The Allies also did other clever things non-aviation related like manage to get three Stuart tanks delivered to the vicinity of Buna (using barges with only 4" of freeboard clearance while carring them!) which did make a big difference in the fighting. But this was largely possible because of Allied air cover.



Anyway, that's a little summary, I'll post some specific examples of the above wildly insane claims later.

Reactions: Like Like:
2 | Winner Winner:
2 | Like List reactions


----------



## texvanwinkle (Apr 25, 2022)

Wild_Bill_Kelso said:


>


Outstanding summary. Thanks for taking the time. I've spent almost 30 years now researching Jay Zeamer's "Eager Beavers," the most highly decorated air crew in U.S. history, whose members separately and together served in the 19th and 43rd BG in 1942/43. What you detail here was very much their experience, and in many respects unlike any other theater of the war. (Which in fact is one of my primary selling points in pitching the crew's story as a limited series.)

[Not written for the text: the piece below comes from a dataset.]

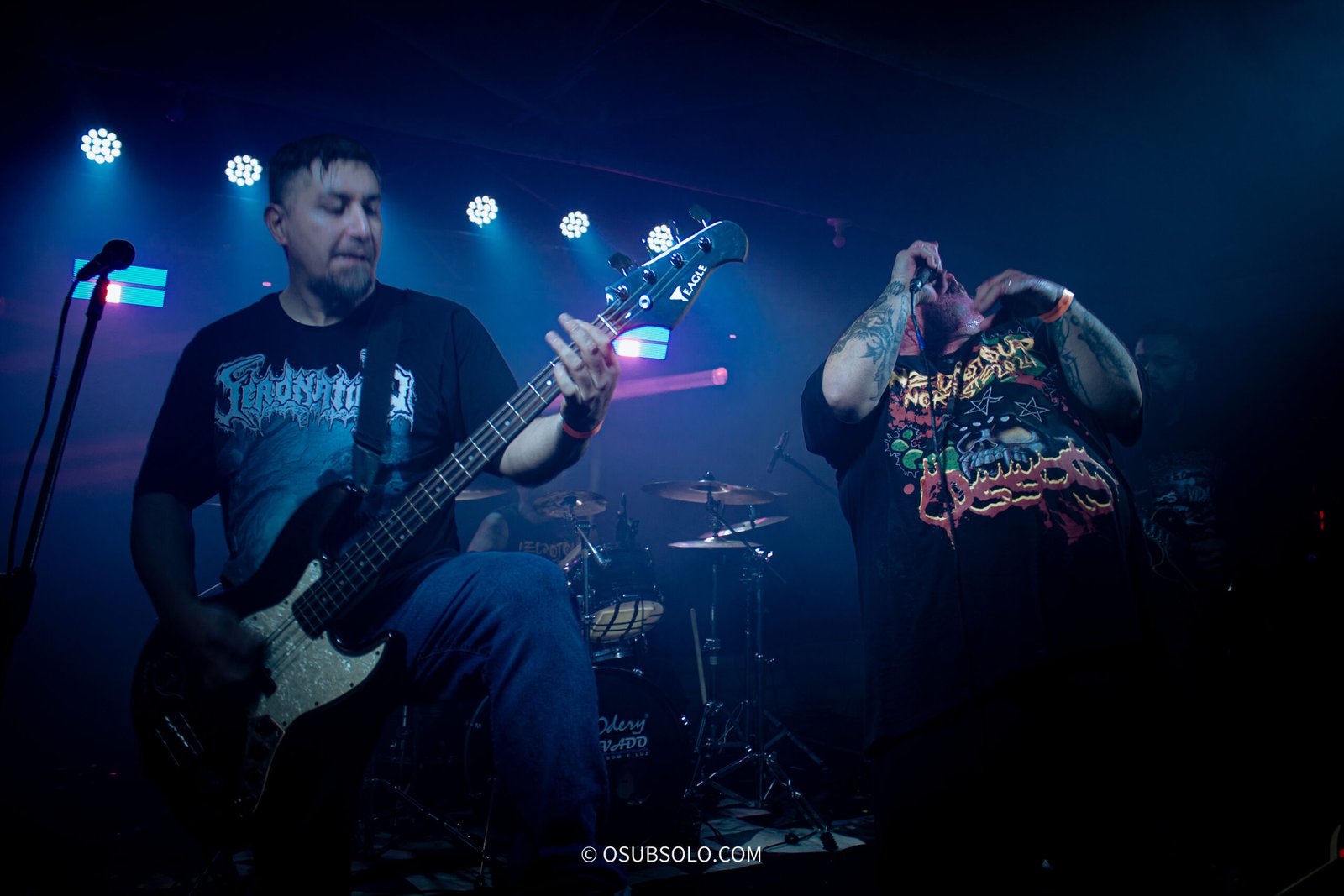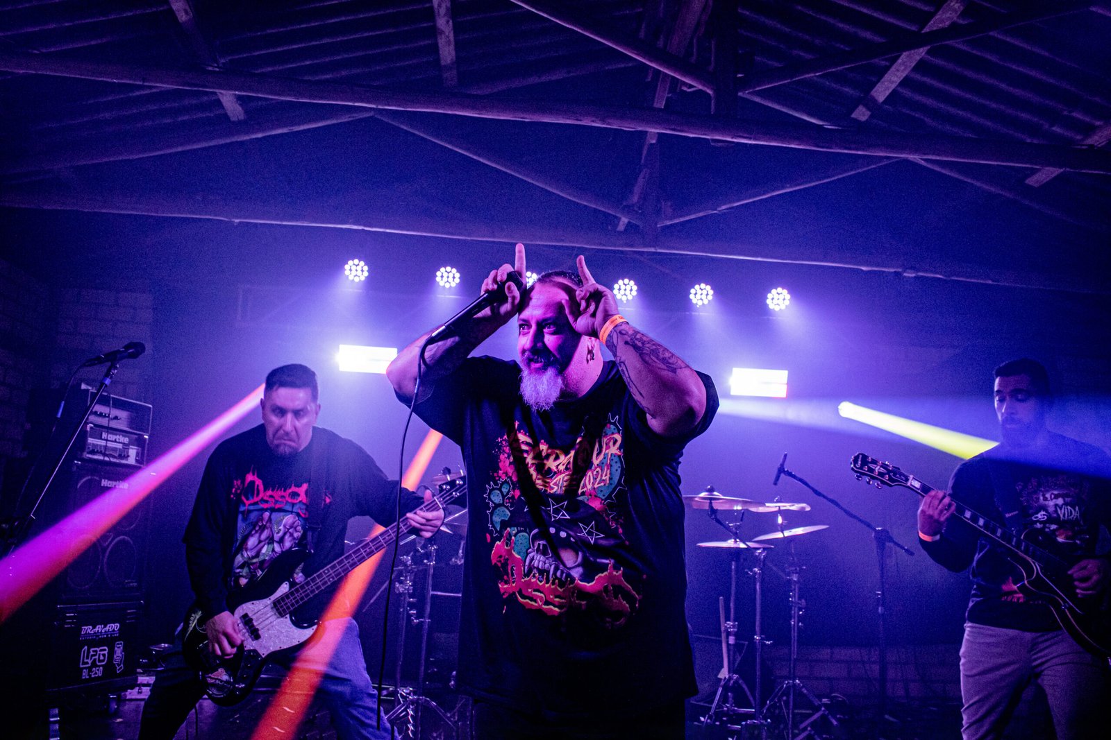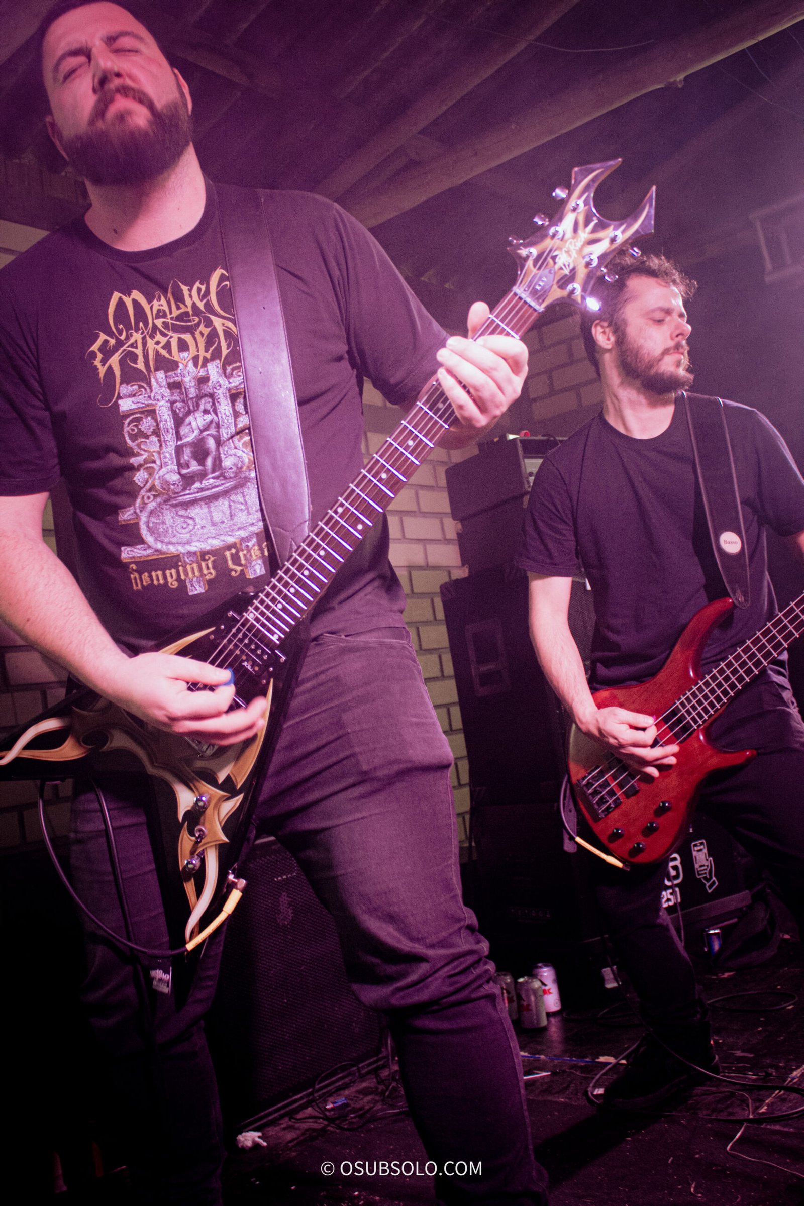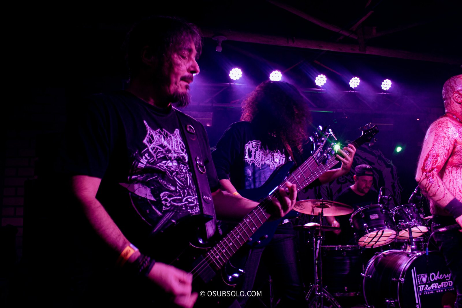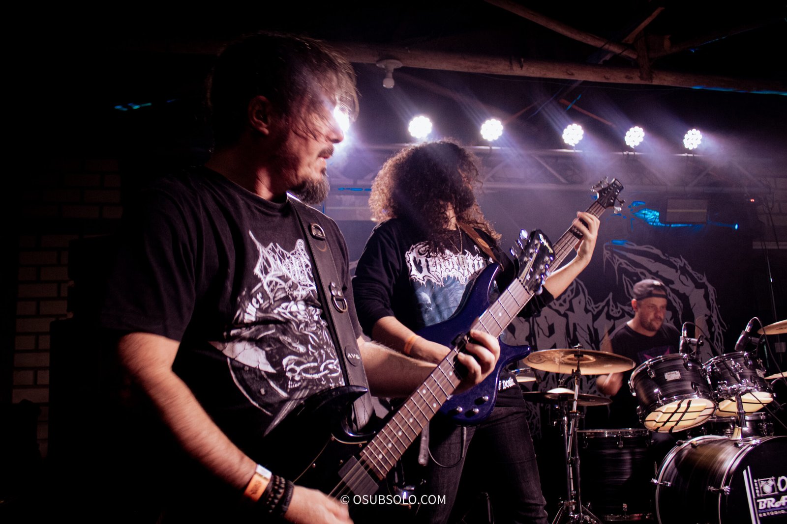 A banda que não era tão conhecida e o povo começou a sair do galpão, logo nas primeiras músicas fez todos voltarem correndo. Passaram por Megadeth, Metallica e fecharam com um Slayer e sua faixa ícone Raining Blood, o que fez a galera abrir o primeiro mosh do evento e aquecer naquela friaça que estava. O restante dos membros apesar de rostos novos, trouxeram uma presença sólida no palco, guitarras ácidas, baixo forte e marcante, bateria solta, pesada e visceral.

As part of the research, I've corresponded some with Clairingbould. Great researcher, fine author. Sounds like I need to add this one to my book collection.

Reactions: Bacon Bacon:
1 | Like List reactions


----------



## SaparotRob (Apr 25, 2022)

Was that the crew of "Old 666"?


----------



## texvanwinkle (Apr 25, 2022)

SaparotRob said:


> Was that the crew of "Old 666"?


Don't want to hijack the thread, but yes, Old 666/"Lucy." "Old 666" specifically was mostly Zeamer in his post-service accounts. The crew members I interviewed said they mostly just referred to it as "666" or simply "the plane." Zeamer renamed it "Lucy" for a former girlfriend at Langley shortly before the 16 June 1943 Bougainville mission.

Reactions: Like Like:
2 | Like List reactions


----------



## SaparotRob (Apr 25, 2022)

That ain’t high jacking, bro’!

Reactions: Like Like:
2 | Like List reactions


----------



## Wild_Bill_Kelso (Apr 25, 2022)

I would say "Old 666" though is a bit of an outlier just in the sense that the most common outcome of these encounters was that the heavy bomber made it home to base with moderate or light damage, or no damage. Sometimes they could just duck into a cloud and escape the attack, but there were several cases of long fights, half an hour to an hour long, like probably more than 20 just in the four months covered by this book, and these were not typically casualty events for the bomber crews.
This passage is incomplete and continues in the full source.